Well as it turns out I'm wrong according to representatives from Fidelity and Vanguard.
You can't split the employer/employee contributions to a SEP-IRA and an indivdual 401(k), you have to choose one vehicle or the other. So for 2015 tax year I will choose the Individual 401(k) because of the superior savings potential over the SEP-IRA. Unfortunately, because I already contributed some to my SEP-IRA for 2014 I'm locked out of utilizing an Individual 401(k) for 2014.
Finally, it is turning out that Fidelity offers index funds at a much lower expense ratio than does Vanguard, within the confines of the Individual 401(k) plans.

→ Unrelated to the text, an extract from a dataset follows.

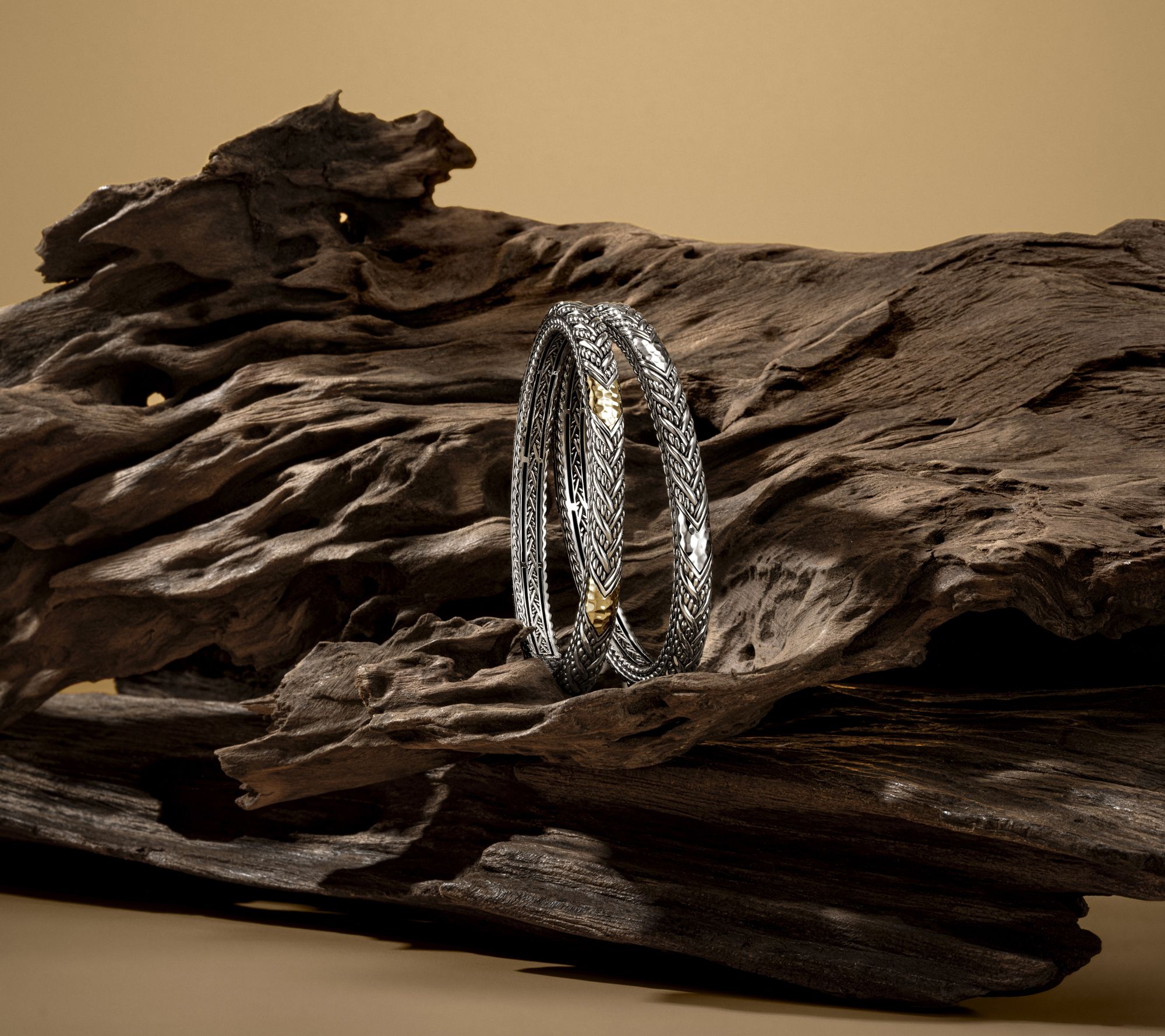 Carved from every angle. The instant you set your eyes on this woven bangle, with its heritage-inspired texture, artisan details, and 14K gold accents, you know it's JAI -- and everyone else wants to know exactly where you found it! A curated collector's piece that's as easy to pair with a crisp blouse for work as it is to layer with other favorites for a weekend vibe. From JAI.

With Vanguard, even if you have $10,000 or more in the Total Stock Market Index Fund within the individual 401(K) you are only going to be able to be in the more expensive investor class mutual fund, the lower cost admiral class mutual fund is closed to you. That means you're paying an expense ratio of 0.17%, versus the 0.05% that Fidelity would charge for the same mutual fund ($10,000 minimum). With Fidelity you can start off with their investor class Total Stock Market index fund with an expense ratio of 0.10% which is automatically converted to the lower cost advantage class once the $10,000 minimum threshold is reached.
This theme is repeated with total international stock market fund, and total bond market index fund.